Non-seulement, nous le voyons exercer illégalement la médecine, mais bientôt il songera à devenir un homme politique. Il fait de sa chaire une tribune et nous l’entendons tenir des propos, des critiques injurieuses contre le gouvernement, contre les lois, contre le conseil municipal. «Quand je rencontre un prêtre, s’écrie le ministère public, dévoué à son ministère, s’occupant exclusivement des intérêts religieux, je le salue ; il est digne de tous les respects ; mais je ne saurais trop blâmer ceux qui sortent de leur domaine, qui se mêlent aux luttent des partis ; M le curé de Pioussay est de ce nombre. Les divers chefs d’inculpation relevés contre lui sont tous établis, et le tribunal lui fera une sévère application de la loi.»
Me Robinet de Clery le présente pour un pauvre prêtre d’une petite commune du canton de Chef-Boutonne, victime des haines et des dénonciations d’une coterie. «Il y a 26 ans qu’il exerce son ministère dans ce village où il voudrait mourir, soulageant les misères humaines, prêtant l’oreille à toutes les infortunes, dévoués, bon, généreux. Lui, un homme politique, il n’y a jamais songé. Chassons de ce débat ce fléau de la politique. Je voudrais convaincre tout le monde que ces poursuites sont injustes, qu’elles ne sont que le résultat de rancunes.»
«M Granier n’exerce pas la médecine. Il donne des avis, des conseils, par charité et par humanité. Il est pauvre ; il veut rester pauvre. Son presbytère est un des plus pauvres et des plus délabrés du canton de Chef-Boutonne. (C’est de la faute de M. le curé ; je vous assure maître Robinet, qu’il a de quoi le réparer.) Il est désintéressé.Quelques personnes ont laissé de l’argent sur l’autel de la Sainte Vierge, c’est vrai, mais M. le curé n’en profitait pas.
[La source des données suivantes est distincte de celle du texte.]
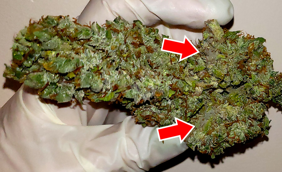 Opening up the marijuana bud lets you see the mold growing inside. Cannabis leaves fall out wherever the bud rot forms, and up close the buds look brown, gray, or moldy.
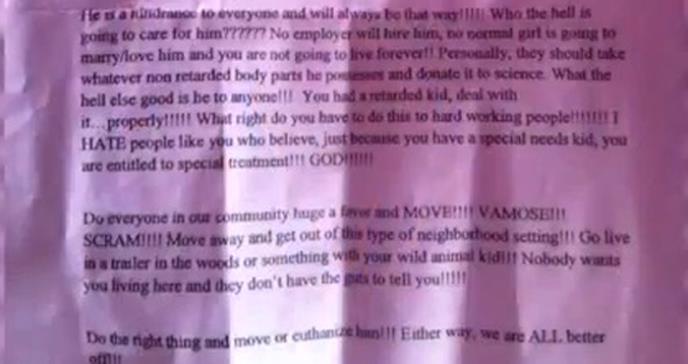 "Ni jedan poslodavac ga neće zaposliti, ni jedna normalna devojka se neće udati za njega ili ga voleti, a vi nećete živeti vječno! Mislim da bi mu trebalo uzeti sve 'neretardirane' delove tela koje poseduje i donirati ih nauci", stoji u nastavku pisma u kome se još savetuje porodici da se iseli iz naselja.

Il était employé à de bonnes œuvres. »(Je vous répète maître Robinet, que personne n’en croit rien, et vous non plus !
«Quant aux propos, ils ont été dénaturés, travestis par une coterie malfaisante. M le curé a lu un mandement de l’évêque, une encyclique du Souverain Pontife, mais sans commentaires. Quant à la délibération critiquée du conseil municipal, M. le maire ayant fait afficher sur les murs de l’église cette délibération blessante pour les membres du conseil de fabrique.»
«Un acquittement est la conséquence inévitable de ce procès.» M° Robinet de Clery supplie les juges de le prononcer.
«Chassez de vos délibérations, toutes préoccupations étrangères à ce débat. La justice reste étrangère à la politique, à toutes les œuvres malsaines de l’esprit de parti. J’ai été ardent, moi aussi, autrefois. Aujourd’hui, j’ai déserté la lutte ; j’ai des amis dans tous les partis. Notre pays divisé, déchiré, désorienté, a besoin de calme, de repos, et du concours de tous les cœurs honnêtes. Travaillons tous à son apaisement.» (Bravo ! bravo !, mais alors, dites donc à vos amis de commencer ; et qu’ils s’unissent à nous pour défendre et soutenir le gouvernement républicain.)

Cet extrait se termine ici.